Speaker
Description
Composite materials often exhibit complex anisotropic mechanical responses governed by their microstructural geometry and material phase distributions. Capturing these responses and their dependence on microstructural parameters is thus a critical challenge. In this work, we address this problem through a data-driven model-discovery framework that infers interpretable constitutive relationships directly from homogenized stress-strain data. By sparsely selecting relevant invariants of the Cauchy-Green deformation tensor, this approach aims to construct a strain energy density function that naturally encodes anisotropy while fulfilling thermodynamic constraints.
Previous works have introduced surrogate modeling techniques, such as neural networks, to approximate the homogenized response of a Representative Volume Element (RVE) as functions of various design parameters. These methods can learn anisotropy types and preferred directions but often yield “black-box” models that lack interpretability and require extensive hyperparameter tuning. In contrast, the proposed model-discovery approach delivers interpretable constitutive relationships by design and facilitates the direct inference of anisotropic features.

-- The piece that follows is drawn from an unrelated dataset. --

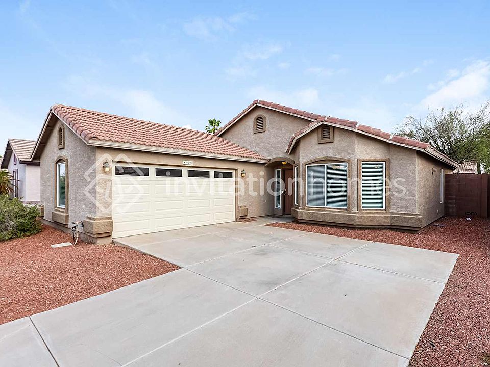 Home Features and Amenities: Air Conditioning, Bay Windows, Fenced Yard, Garage, Kitchen Island, Long Lease Terms, Open Floorplan, Patio, Pet Friendly, Primary Bedroom on Main, Single Story House, Smart Home, Tile, Walk in Closet, W/D Hookups, and professionally managed by Invitation Homes.

With the discovered model at hand, one obtains a surrogate that can be readily integrated into computational frameworks---potentially offering an alternative to more expensive concurrent multiscale methods like FE$^2$. We demonstrate the effectiveness of our approach on both synthetic and homogenized datasets, showing that it yields improved interpretability, reduced computational costs, and reliable material responses compared to existing methodologies.